TASK GOAL:
The lines below, from the one holding "ミッション 排気量 |" through the final line, are to be copied exactly, with no other lines and no pictures.
[[ SUPPLIED DATA, beginning ]]
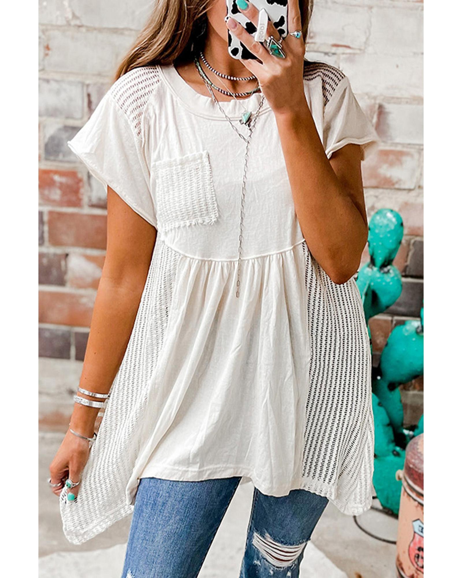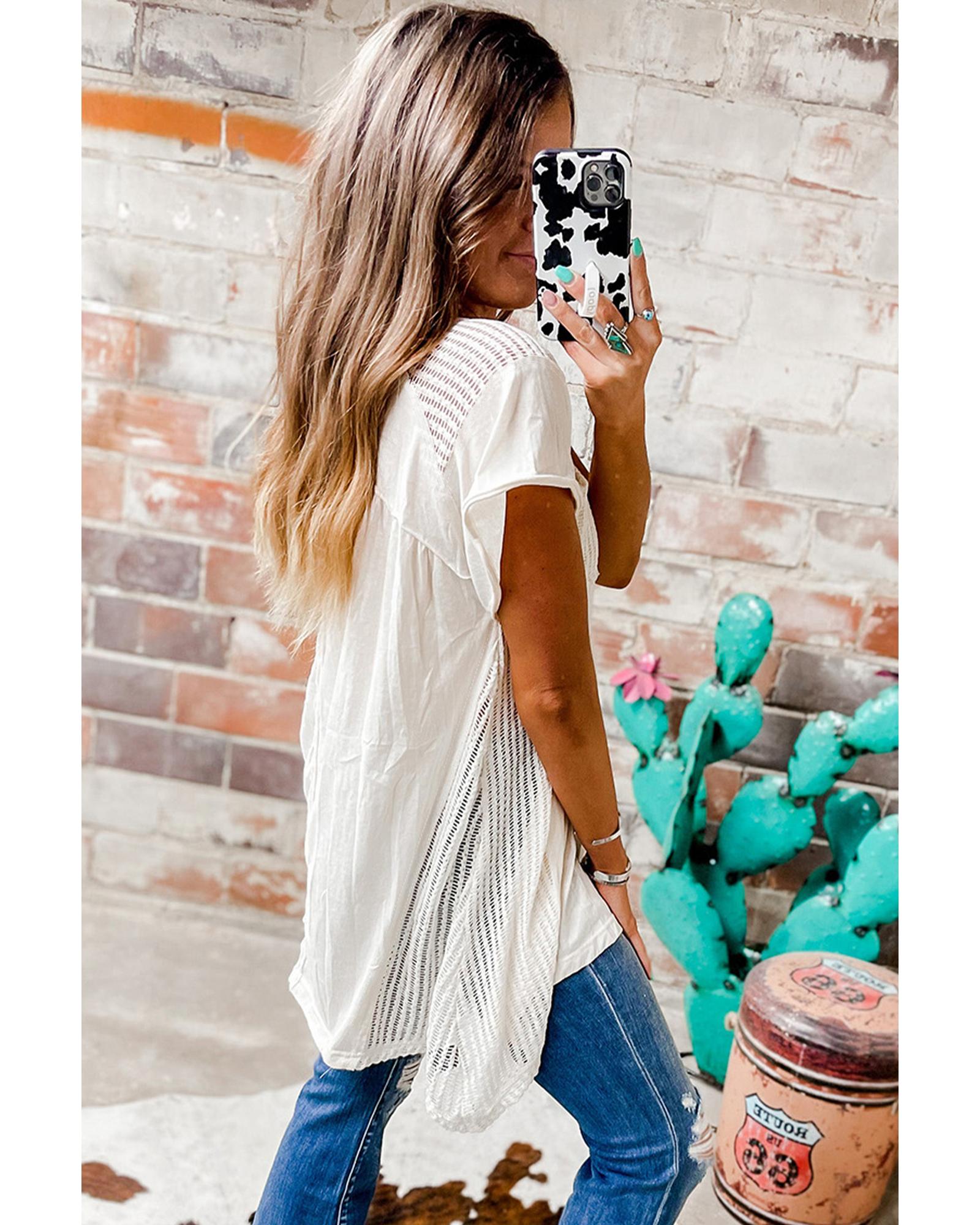 - White Hollow Knit Splicing Keyhole Back Tunic Top
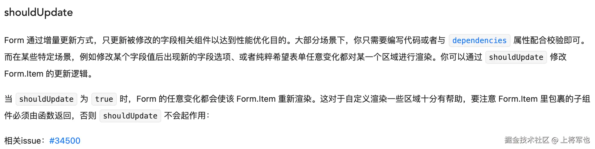 return <Form.Item shouldUpdate={(pre,current)=> pre!==current}>
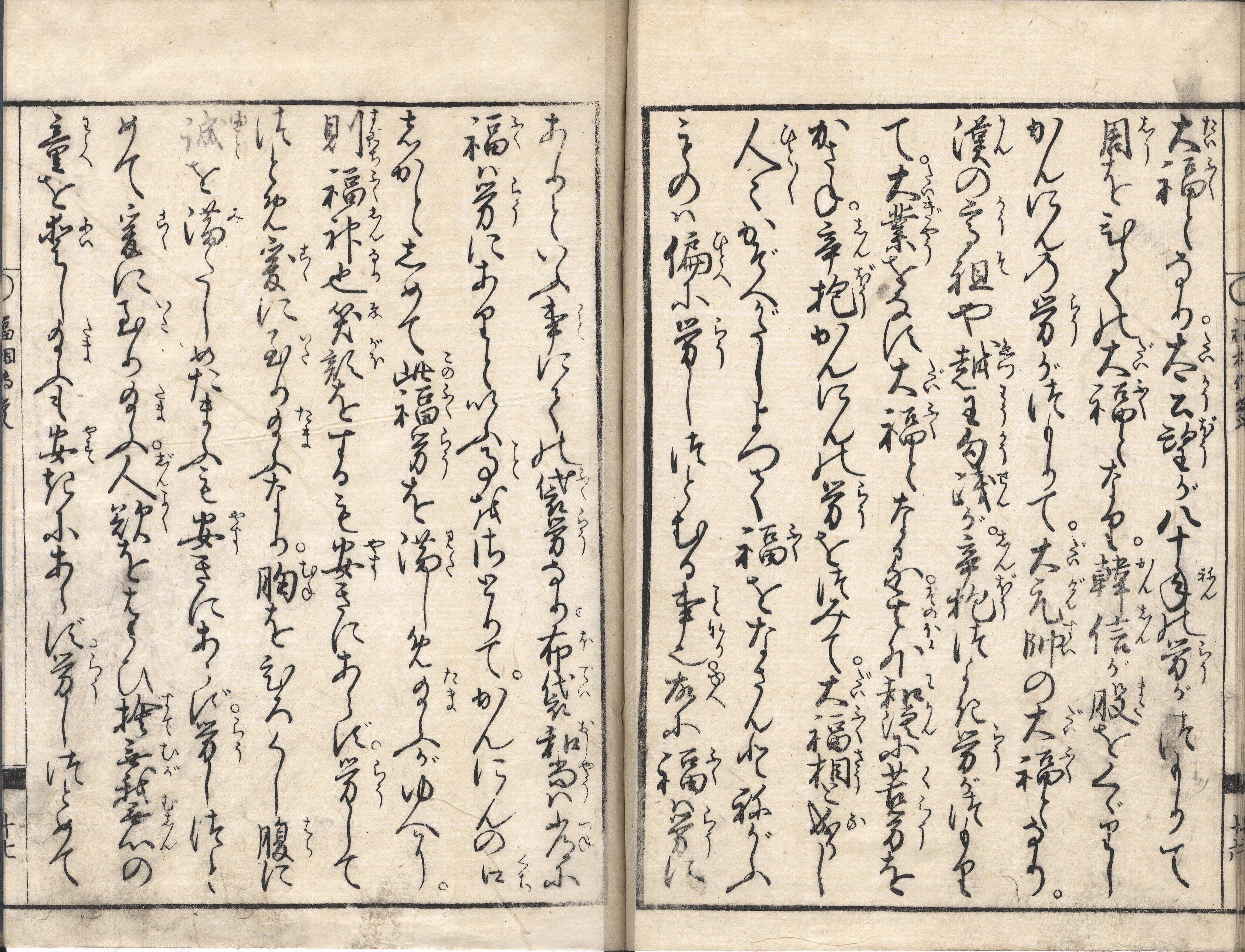 【備考】分類「心学」。従来知られていなかった、山城屋板の「異本あつめ草」で、篇数を明記しないのが特色。1巻「福相になるの伝授」、2巻「和合長久の伝授」、3巻「富久貴足神之伝授、4・5巻「かがし草」、6・7巻「立身始末鑑」、8・9巻「五用心慎草」、10巻「教訓春日和」を収録。
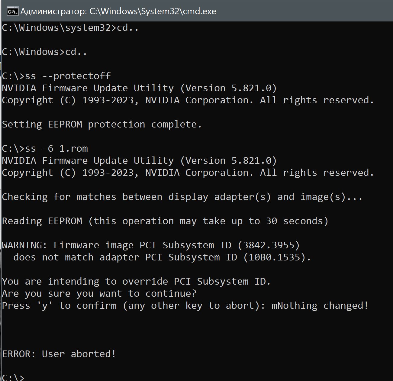 Добавлено спустя 1 час 39 минут 20 секунд: Раньше я биос не прошивал на ВК. Подскажите, после ввода команд в строке, появляется вот такой вопросик (см.скрин). Так и должно быть? Нажимать "Y"? или этот вопрос появляется только при явной несовместимости биосов? У меня gddr Micron, а на EVGA возможно Самсунг, это как то влияет на прошивку?
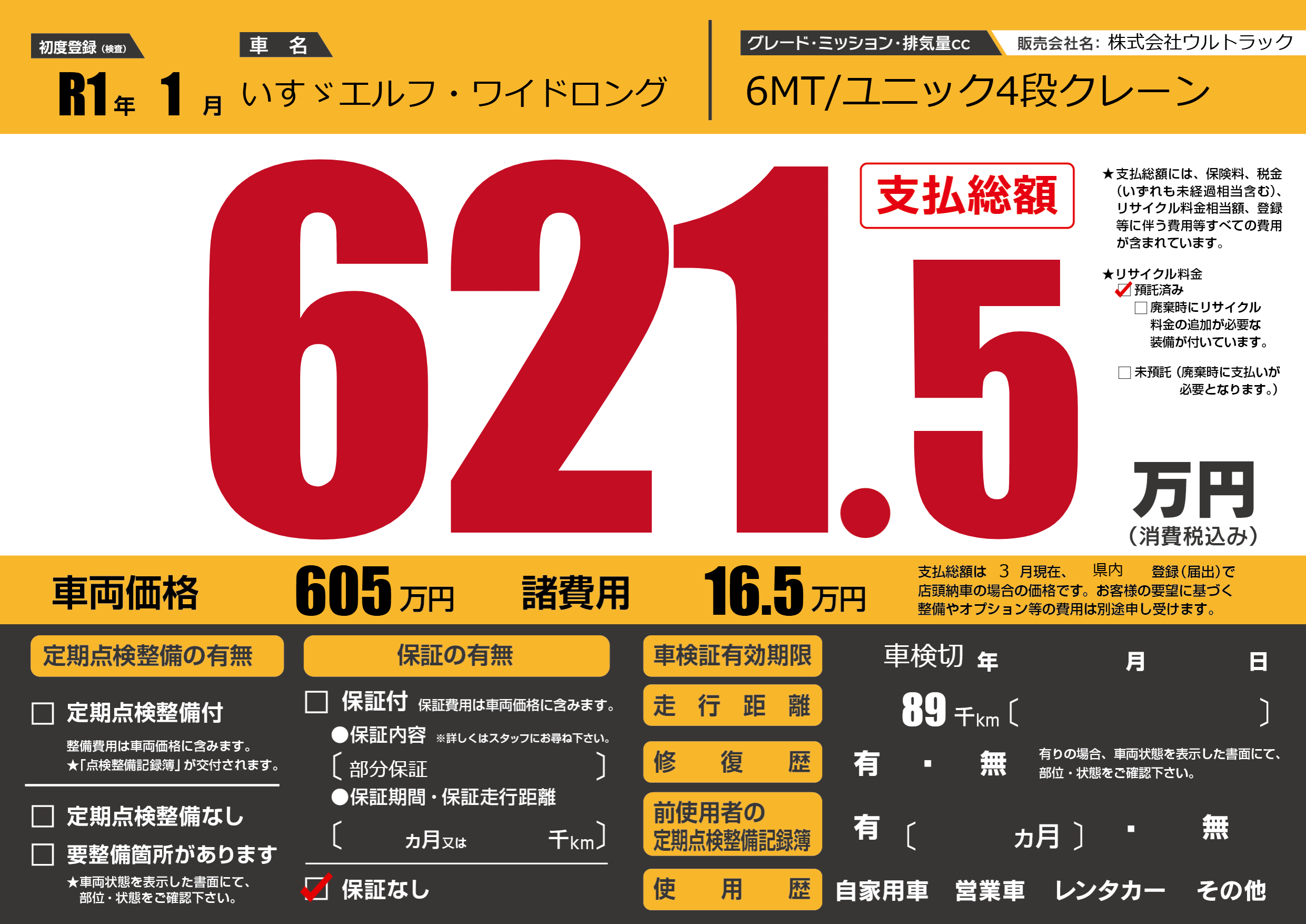 | 車名 | いすゞエルフ・ワイドロング | グレード ミッション 排気量 |
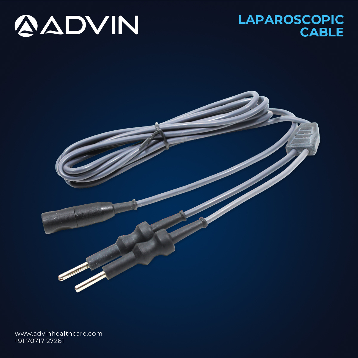 The laparoscopy bipolar forceps cord is designed to provide a secure electrical connection between bipolar laparoscopic forceps and electrosurgical units. It enables controlled bipolar energy transmission required for effective tissue coagulation during laparoscopic procedures. The cord is manufactured with high-quality insulation and durable connectors to maintain safety and performance in the operating room environment. Produced under strict quality standards, Advin Health Care supplies dependable bipolar forceps cords that deliver consistent performance and compatibility with standard laparoscopic electrosurgical systems
[[ SUPPLIED DATA, end ]]
SOLVED EXERCISE:
 | 車名 | いすゞエルフ・ワイドロング | グレード ミッション 排気量 |
 The laparoscopy bipolar forceps cord is designed to provide a secure electrical connection between bipolar laparoscopic forceps and electrosurgical units. It enables controlled bipolar energy transmission required for effective tissue coagulation during laparoscopic procedures. The cord is manufactured with high-quality insulation and durable connectors to maintain safety and performance in the operating room environment. Produced under strict quality standards, Advin Health Care supplies dependable bipolar forceps cords that deliver consistent performance and compatibility with standard laparoscopic electrosurgical systems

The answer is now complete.